Barbara Kollmeyer
6 min read
In This Article:
Wednesday’s setup is looking weaker for equities as surging bond yields start to rattle some nerves ahead of an important auction later.
Flying in the face of this fear is Morgan Stanley and a bullish call of the day that sees the bank shift to an overweight on U.S. stocks and bonds. “Slow-but-not-dire growth makes us neutral on global stocks and constructive on fixed income, but with a strong regional preference for the U.S. across assets,” said a team of strategists including Mike Wilson.
The team previously saw the S&P 500 SPX reaching 6,500 by the end of 2025, and now see that as a base case for the second quarter of 2026 — rolling it forward in their words. Their bull case calls for a 21% jump to 7,200 by June 2026 and a drop to 4,900 in a bear case (all from a May 19 level of 5,964).
Why the bullish turn? “We’ve already experienced rolling earnings recessions across the equity market for the last [approximately] three years,” they said, adding that this should make comparisons “less onerous” and set up for a earnings recovery happening simultaneously for many companies over their forecast period.
“The earnings path should be aided by Fed rate cuts in 2026, dollar
weakness, as well as a broader realization of AI-driven efficiency gains,” they said.
And Morgan Stanley thinks the worst is over for stocks. “From our perspective, the level of tariffs announced on ‘Liberation Day’ was so dramatic, it led to what can only be described as capitulatory price action.
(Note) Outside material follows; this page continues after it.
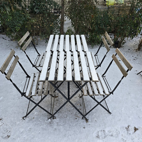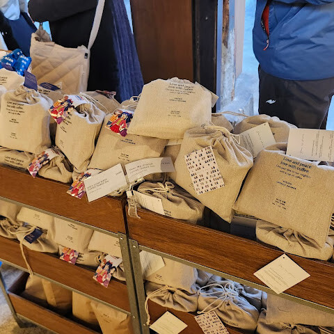 정말 아름다운 카페네요! 현대적인 카페 인테리어와 오래된 내부 좌석이 멋진 조화를 이루고 있어요. 밤새 눈이 내렸는데, 덕분에 카페가 더욱 마법 같은 분위기를 자아냈어요.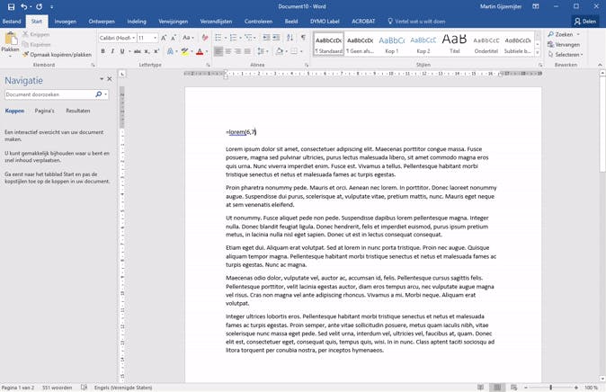 Soms ben je bezig met een tekst en moet je even een paragraaf of een hoofdstuk opvullen met neptekst omdat je de definitieve tekst nog niet hebt. Daarbij moet het echter wél duidelijk zijn dat de tekst neptekst is (om te voorkomen dat het document wordt verstuurd naar mensen terwijl het nog niet definitief is) en om die reden gebruiken we daar vaak een stuk Latijn voor (het beroemde Lorem ipsum). Iedereen die Lorem ipsum-tekst ziet, weet dat het om opvultekst gaat. Als je gebruikmaakt van deze methode, ga je waarschijnlijk meestal naar een website waar je de tekst vandaan plukt. Dat hoeft helemaal niet, want Word heeft zelf een Lorem ipsum-generator ingebouwd. Het enige dat je hoeft te doen is =lorem(p,l) te typen, waarbij je p vervangt door het aantal paragrafen dat je wilt genereren en l door het aantal zinnen. Zodra je op Enter drukt wordt de tekst gegenereerd.

As a result, we think that the price lows are in assuming we don’t experience a deep recession,” they said.
For the next six to 12 months, they see stock markets looking ahead to a “more accommodative policy agenda,” including incentivizing infrastructure investment, tax breaks, deregulation and rate cuts.
The recent U.S.-China tariff pause has “significantly” cut the risk of recession, with their economists now forecasting seven rate cuts in 2026 that will be “supportive of higher-than-average valuations.”